Project Managers have a direct influence on team synergy. This article discusses specific actions they can take to enhance teamwork and build cohesion among stakeholders.
What is Synergy?
The term “synergy” represents the ability of people to accomplish more as part of an effective team than they can if they work on their own. Teams with positive synergy collaborate well and perform at higher levels. When team synergy increases, projects see increasing success at an exponential rate. However, the opposite is also true. If team synergy decreases, projects experience decreasing success at an exponential rate. Teams are either progressing upward or sliding down this curve, requiring constant vigilance by leaders and team members.
Start with a Team Charter
One of the first actions a project manager can take involves having team members develop a Team Charter, a guiding document establishing how members will work together. It includes shared values, team norms, ground rules for interaction, decision-making processes, conflict management approaches, and communication expectations.
To create an effective charter, gather team members, have them develop expectations, resolve concerns, document results, invite signatures, and display the document prominently in work areas. When difficulties arise, members can reference the charter to navigate challenges.
Leading Synergistic Teams
An effective team environment promotes unity, belonging, cohesion, value, and trust.
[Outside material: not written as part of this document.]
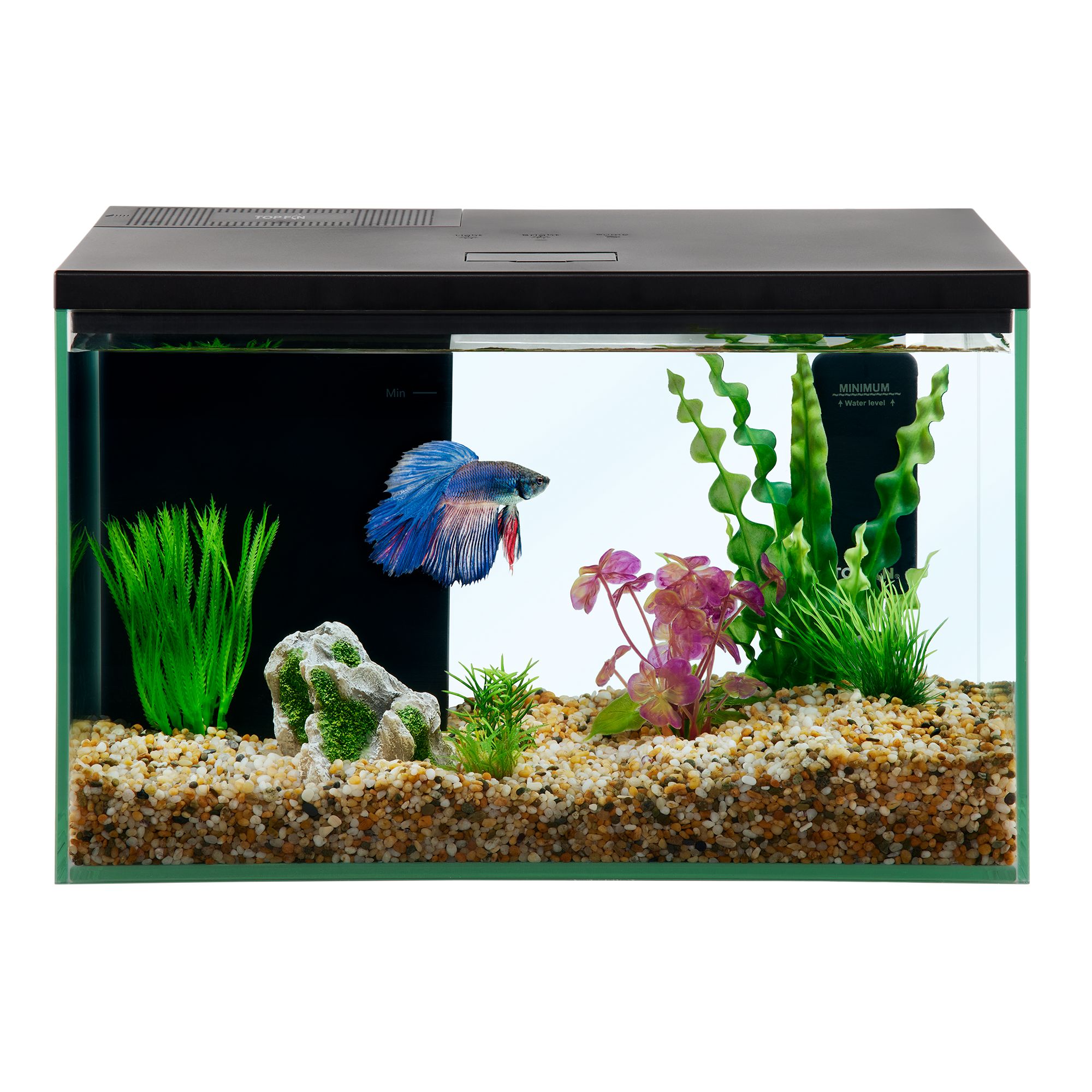 This Top Fin Trapezoid Aquarium allows for beautiful views of your underwater world. This aquarium holds up to three gallons, and comes with Bright White LEDs as well. Top Fin Underwater Worlds aquariums invite you to dive deeper as you build your own personalized aquatic environment, all while we guide you through setup, care, and maintenance. Only at PetSmart.

Project managers must embody the qualities and take actions allowing these feelings to flourish. Effective leaders possess integrity, trustworthiness, interpersonal skills, and problem-solving abilities. The work environment and team climate are built on relationships, with leaders serving as the foundation for positive dynamics.
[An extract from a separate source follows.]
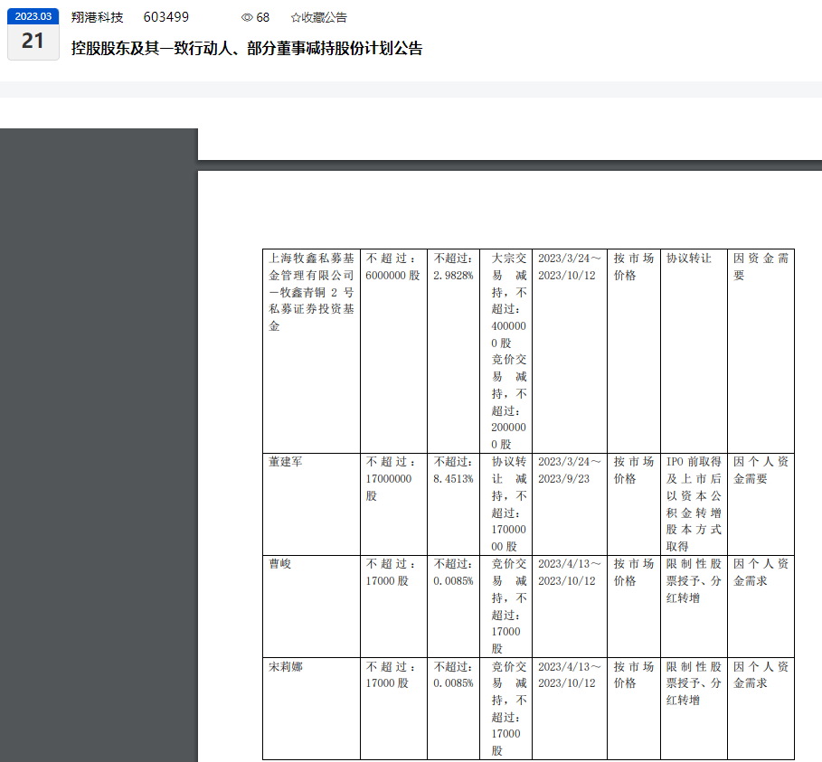 3月20日晚,翔港科技(603499.SH)发布控股股东及其一致行动人、部分董事减持计划。
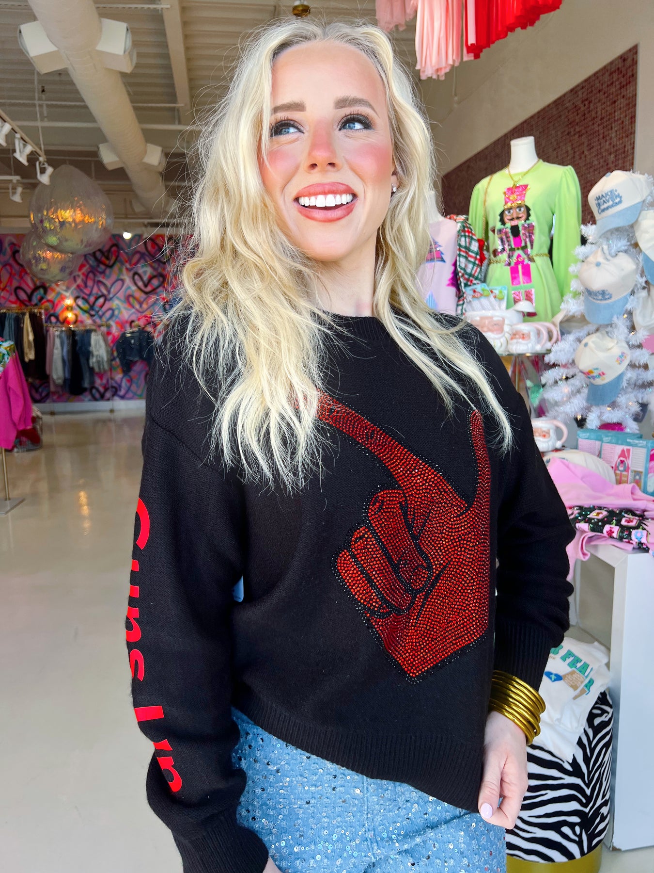 Guns Up Rhinestone Sweater

Actions project managers can take include:
- Being positive
- Clearly defining team success parameters
- Clarifying roles and responsibilities
- Communicating effectively
- Facilitating coaching and training
- Removing performance obstacles
- Establishing team-based recognition programs
Team-based rewards create more positive environments than competition-driven systems. Leaders should celebrate team performance while showing gratitude for individual contributions.
Project managers should introduce team-building activities, both formal and informal. Every meeting presents an opportunity to build cohesion and support healthy culture. Leaders can also improve environments by empowering teams through allowing members to set goals, organize around strengths, participate in planning, volunteer for assignments, monitor metrics, and decide how to address performance variances. Self-organizing teams leverage empowerment benefits effectively.
Conclusion
Leadership involves influencing people’s attitudes and actions. A leader’s influence proves critical when building team synergy, which is fundamentally about attitudes and actions. When team members develop positive relationships and collaborate, they advance toward exponential success. This represents the ultimate goal.